Task brief:
Set down each record below precisely, skipping the pictures.

(Stored dataset items)
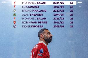 根據(jù)英超官方的統(tǒng)計(jì),薩拉赫是英超單賽季達(dá)成參與30球所有場(chǎng)次最少的球員,在他身后是2013/14賽季的蘇亞雷斯,用時(shí)19場(chǎng),再往后是哈蘭德、希勒和薩拉赫自己。
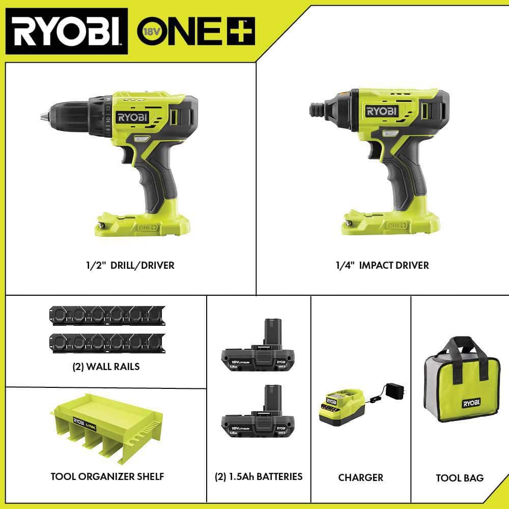 RYOBI ONE+ 18V Cordless 2-Tool Combo Kit w/ Drill/Driver, Impact Driver, Batteries, Charger, LINK Organizer Shelf & Wall Rails
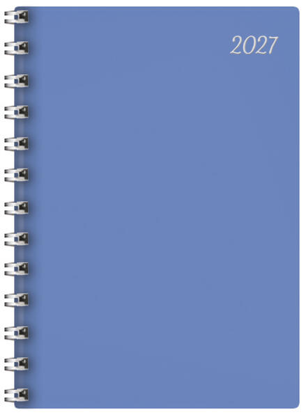 Praktischer Buchkalender in modernem Blau mit Ringbindung. 320 Seiten. Pro Wochentag eine Seite. Sa/So eine Seite. Kalendarium: d-e-f-i.
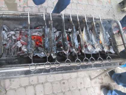 つかまえた魚は、はさみを使って自分でさばいて、串にさします。それを炭火で焼いていただきます。焼きあがるころには、あたり一面にとてもいい匂いがしていました。とてもおいしくいただきました。「自然の恵みに感謝」です。
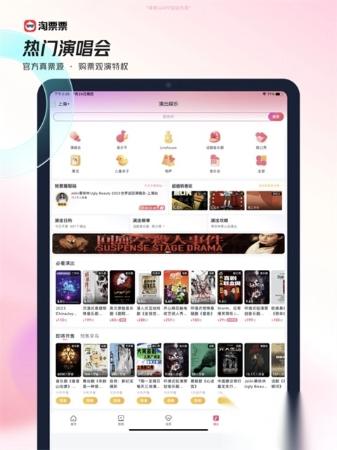 淘票票iPad版,这可是一款超棒的电影选座购票软件。当下,它已经覆盖了全国6000多家电影院,不仅能在线购买电影票,演出赛事的门票也能轻松搞定,让你畅享快速且实惠的购票体验。
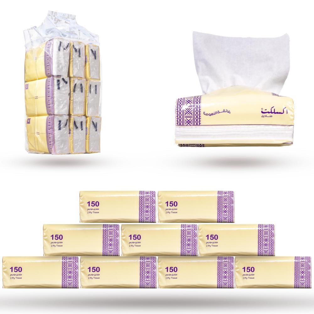 - عدد المناديل: 150 منديل مزدوج لكل كيس
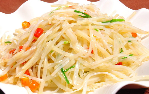 過(guò)程:1.先把青椒洗干凈,然后切成絲;2.然后把土豆洗凈刨皮切絲,放入水盆洗去淀粉瀝干待用;3.再油入鍋待7成熱時(shí)下土豆絲翻炒;4.其次加入少許水,蓋蓋悶一會(huì)(個(gè)人喜歡吃軟軟的土豆絲哦~)5.最后放入青椒絲翻炒一會(huì),加鹽、蔥就可以放盤子中啦~
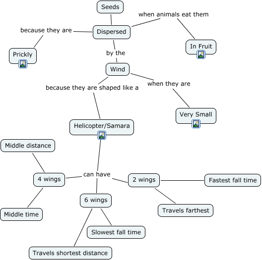 This Concept Map has information related to: Heli Cmap, Seeds Dispersed, Helicopter/Samara can have 4 wings, 4 wings Middle time, 6 wings Travels shortest distance, Wind when they are Very Small, 6 wings Slowest fall time, Wind because they are shaped like a Helicopter/Samara, Dispersed when animals eat them In Fruit, Helicopter/Samara can have 6 wings, Dispersed because they are Prickly
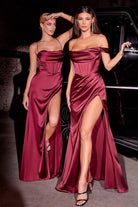 Fashion-Forward Solid Soft Satin Evening Dress w/ Boned Bodice & Daring Leg Slit CD 7492
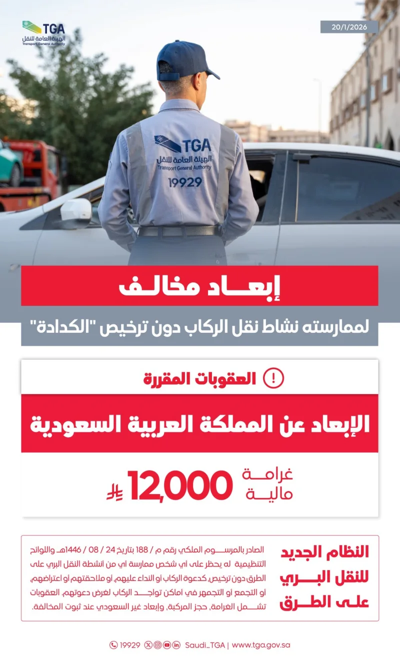 وأبانت أن العقوبات المقررة تشمل الغرامة المالية التي تصل إلى 12 ألف ريال، وحجز المركبة، وإبعاد المخالف غير السعودي عند ثبوت المخالفة، خاصةً في حالات ممارسة نقل الركاب، أو الدعاء عليهم، أو ملاحقتهم، أو اعتراضهم، أو التجمع في أماكن تواجد الركاب لعرض دعوتهم.
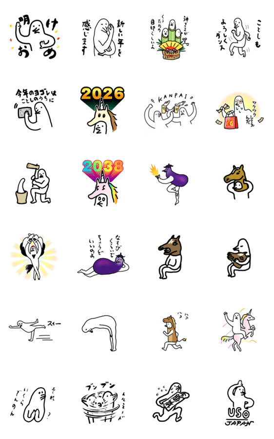 使いやすい鳥が年末年始を楽しむスタンプです。お正月や冬に使えるショットの他、馬もがたくさん。
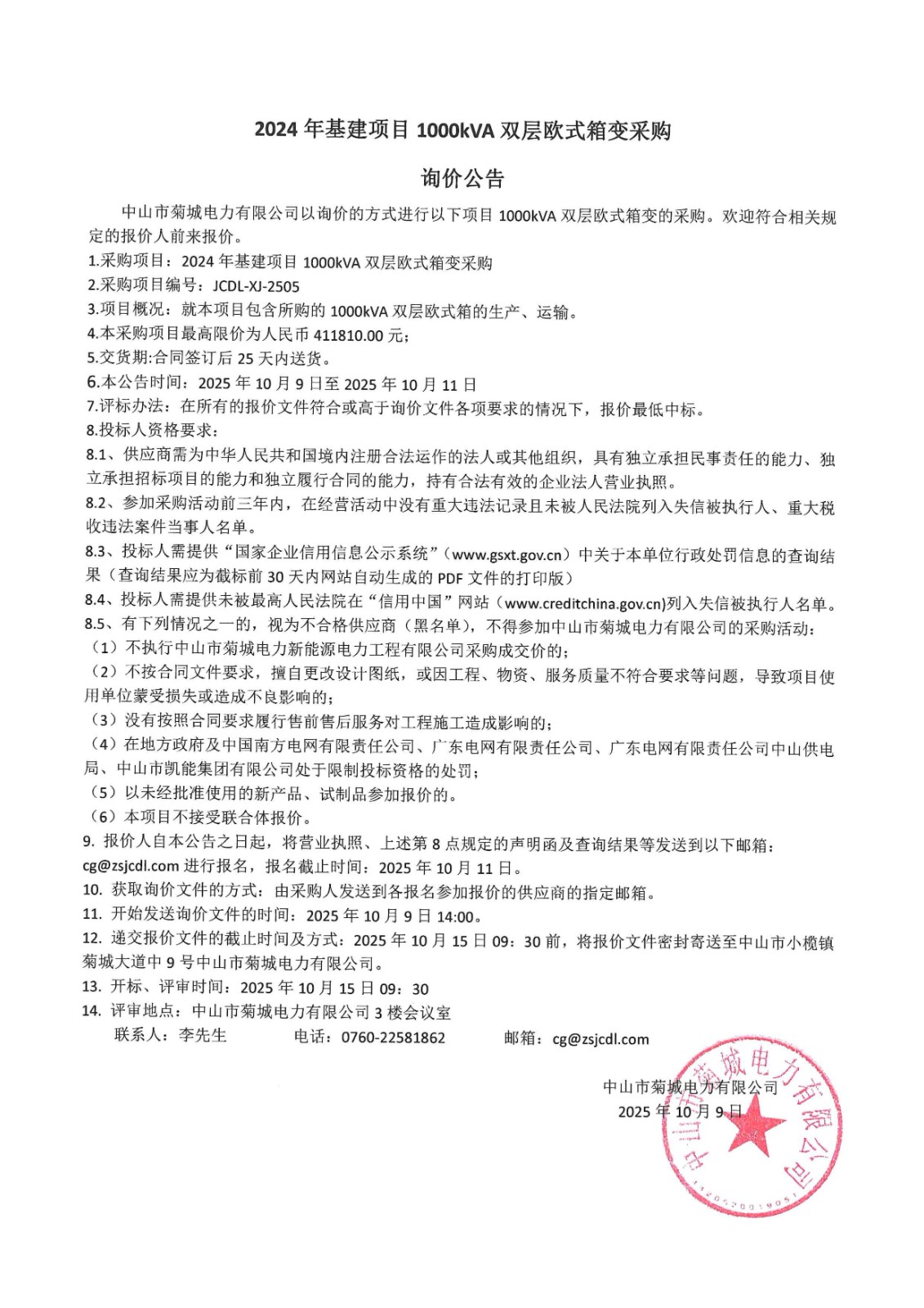 2024年基建项目1000kVA双层欧式箱变采购询价公告
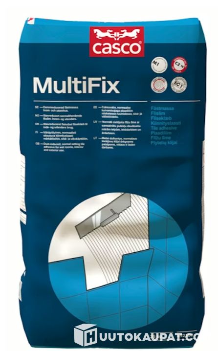 Multifix on M1-luokiteltu sementtipohjainen kiinnityslaasti keraamisille useiden laattamateriaalien kiinnitykseen seinillä ja lattiassa.
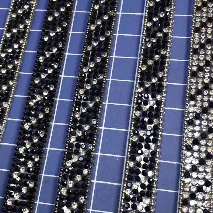 Hot fix rhinestone ribbon are made by rhinestones, crystals, resin beads, pearls, rhinestone cups, metal chains, chaton crystals, etc.
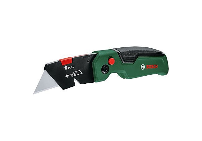 Gracias a su diseño compacto, el cúter plegable de Bosch destaca por su estructura robusta y ligera, fabricada en acero inoxidable y nailon con fibra de vidrio.
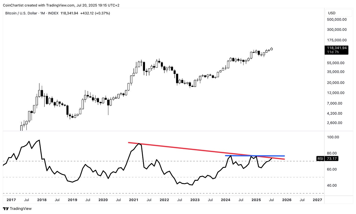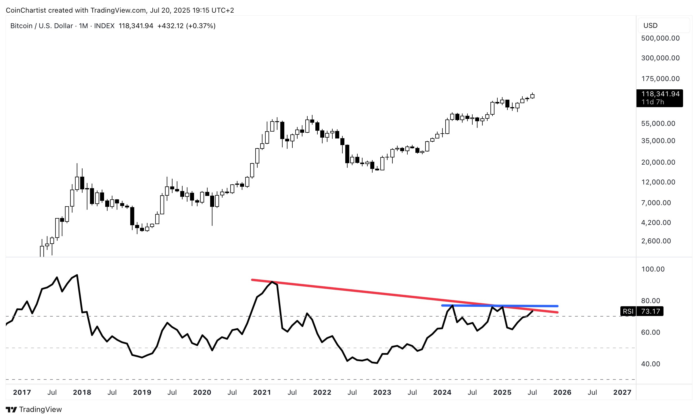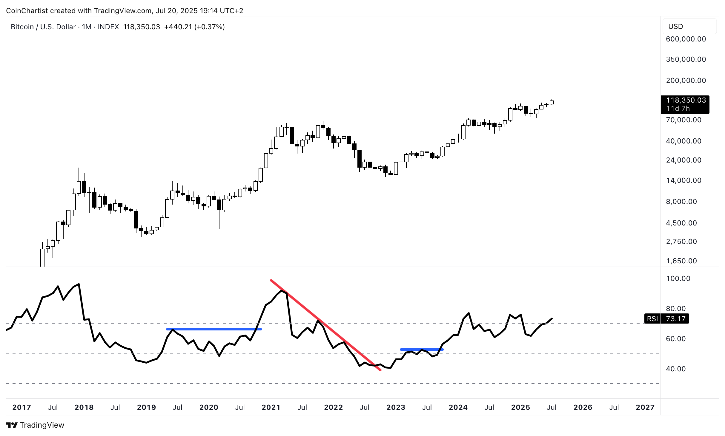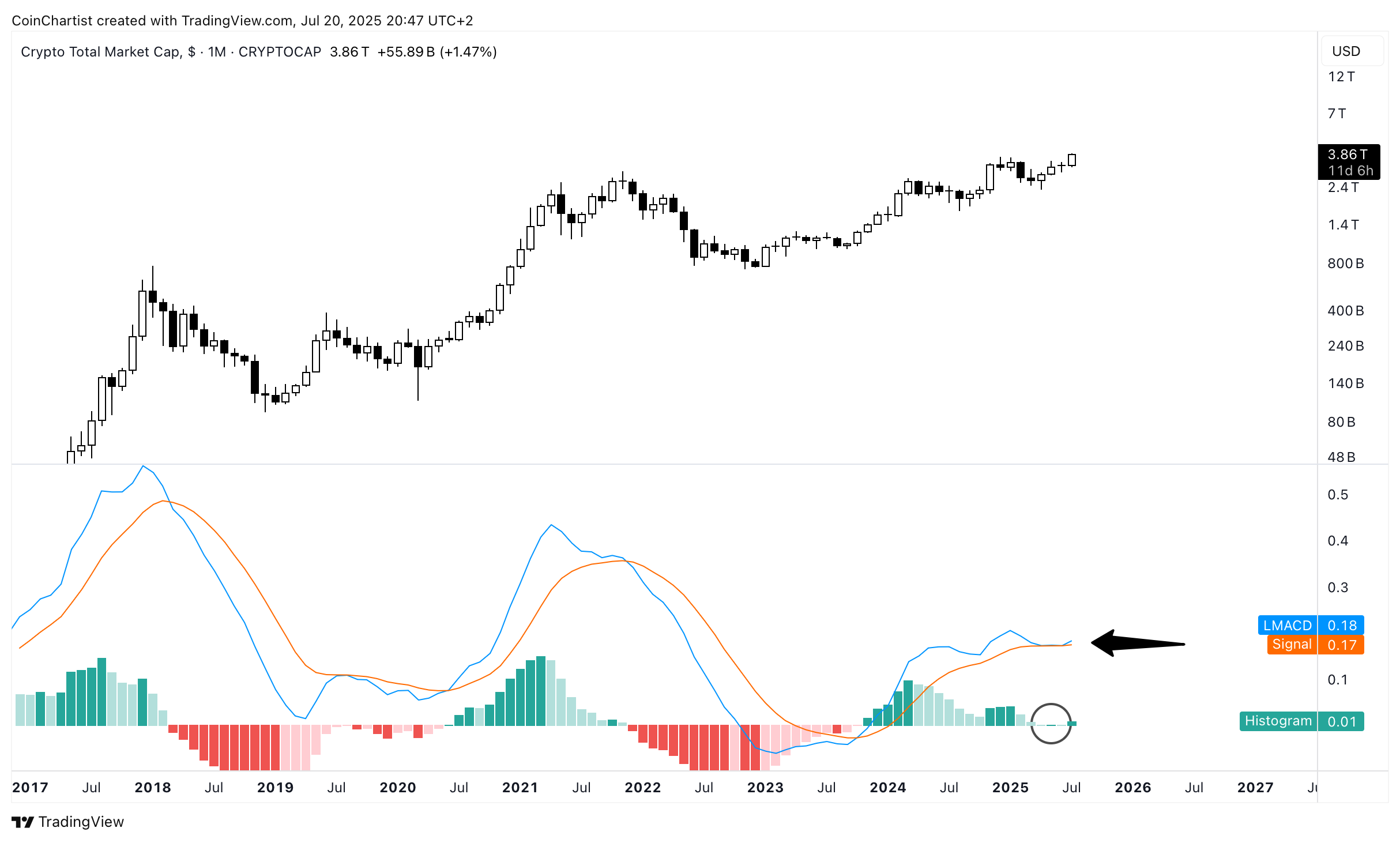 The pro-crypto policy in the United States and global adoption is, without a doubt, making a difference in keeping the market crypto market particularly strong. When Trump took office and pro-crypto policies began to roll out, it initially triggered a 'sell the news' type event. By narrowly avoiding a major bearish momentum signal and defending it for several months, the market is now convincingly bullish.
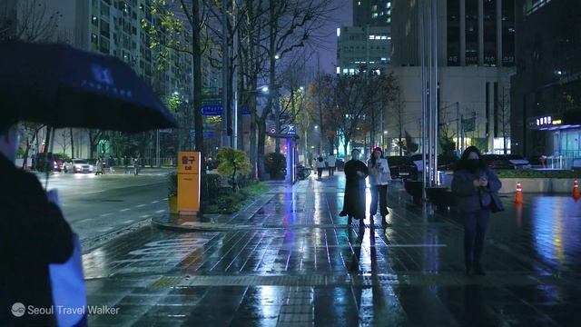 뿌연 안개비 내리는 여의도 퇴근길 밤 산책, 서울 여행 워커, 서울 트래블 워커.
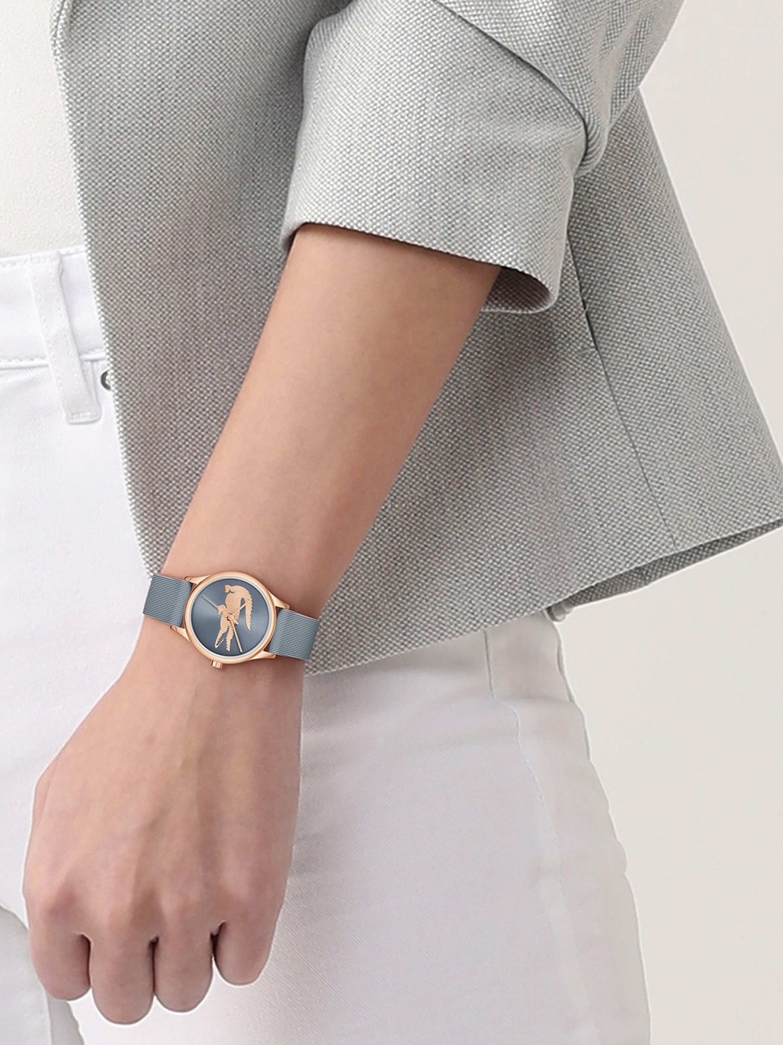 Циферблат украшен логотипом бренда и защищен минеральным стеклом устойчивым к мелким повреждениям и царапинам.

Result of this task:
 根據(jù)英超官方的統(tǒng)計(jì),薩拉赫是英超單賽季達(dá)成參與30球所有場(chǎng)次最少的球員,在他身后是2013/14賽季的蘇亞雷斯,用時(shí)19場(chǎng),再往后是哈蘭德、希勒和薩拉赫自己。
 RYOBI ONE+ 18V Cordless 2-Tool Combo Kit w/ Drill/Driver, Impact Driver, Batteries, Charger, LINK Organizer Shelf & Wall Rails
 Praktischer Buchkalender in modernem Blau mit Ringbindung. 320 Seiten. Pro Wochentag eine Seite. Sa/So eine Seite. Kalendarium: d-e-f-i.
 つかまえた魚は、はさみを使って自分でさばいて、串にさします。それを炭火で焼いていただきます。焼きあがるころには、あたり一面にとてもいい匂いがしていました。とてもおいしくいただきました。「自然の恵みに感謝」です。
 淘票票iPad版,这可是一款超棒的电影选座购票软件。当下,它已经覆盖了全国6000多家电影院,不仅能在线购买电影票,演出赛事的门票也能轻松搞定,让你畅享快速且实惠的购票体验。
 - عدد المناديل: 150 منديل مزدوج لكل كيس
 過(guò)程:1.先把青椒洗干凈,然后切成絲;2.然后把土豆洗凈刨皮切絲,放入水盆洗去淀粉瀝干待用;3.再油入鍋待7成熱時(shí)下土豆絲翻炒;4.其次加入少許水,蓋蓋悶一會(huì)(個(gè)人喜歡吃軟軟的土豆絲哦~)5.最后放入青椒絲翻炒一會(huì),加鹽、蔥就可以放盤子中啦~
 This Concept Map has information related to: Heli Cmap, Seeds Dispersed, Helicopter/Samara can have 4 wings, 4 wings Middle time, 6 wings Travels shortest distance, Wind when they are Very Small, 6 wings Slowest fall time, Wind because they are shaped like a Helicopter/Samara, Dispersed when animals eat them In Fruit, Helicopter/Samara can have 6 wings, Dispersed because they are Prickly
 Fashion-Forward Solid Soft Satin Evening Dress w/ Boned Bodice & Daring Leg Slit CD 7492
 وأبانت أن العقوبات المقررة تشمل الغرامة المالية التي تصل إلى 12 ألف ريال، وحجز المركبة، وإبعاد المخالف غير السعودي عند ثبوت المخالفة، خاصةً في حالات ممارسة نقل الركاب، أو الدعاء عليهم، أو ملاحقتهم، أو اعتراضهم، أو التجمع في أماكن تواجد الركاب لعرض دعوتهم.
 使いやすい鳥が年末年始を楽しむスタンプです。お正月や冬に使えるショットの他、馬もがたくさん。
 2024年基建项目1000kVA双层欧式箱变采购询价公告
 Multifix on M1-luokiteltu sementtipohjainen kiinnityslaasti keraamisille useiden laattamateriaalien kiinnitykseen seinillä ja lattiassa.
 Hot fix rhinestone ribbon are made by rhinestones, crystals, resin beads, pearls, rhinestone cups, metal chains, chaton crystals, etc.
 Gracias a su diseño compacto, el cúter plegable de Bosch destaca por su estructura robusta y ligera, fabricada en acero inoxidable y nailon con fibra de vidrio.
 The pro-crypto policy in the United States and global adoption is, without a doubt, making a difference in keeping the market crypto market particularly strong. When Trump took office and pro-crypto policies began to roll out, it initially triggered a 'sell the news' type event. By narrowly avoiding a major bearish momentum signal and defending it for several months, the market is now convincingly bullish.
 뿌연 안개비 내리는 여의도 퇴근길 밤 산책, 서울 여행 워커, 서울 트래블 워커.
 Циферблат украшен логотипом бренда и защищен минеральным стеклом устойчивым к мелким повреждениям и царапинам.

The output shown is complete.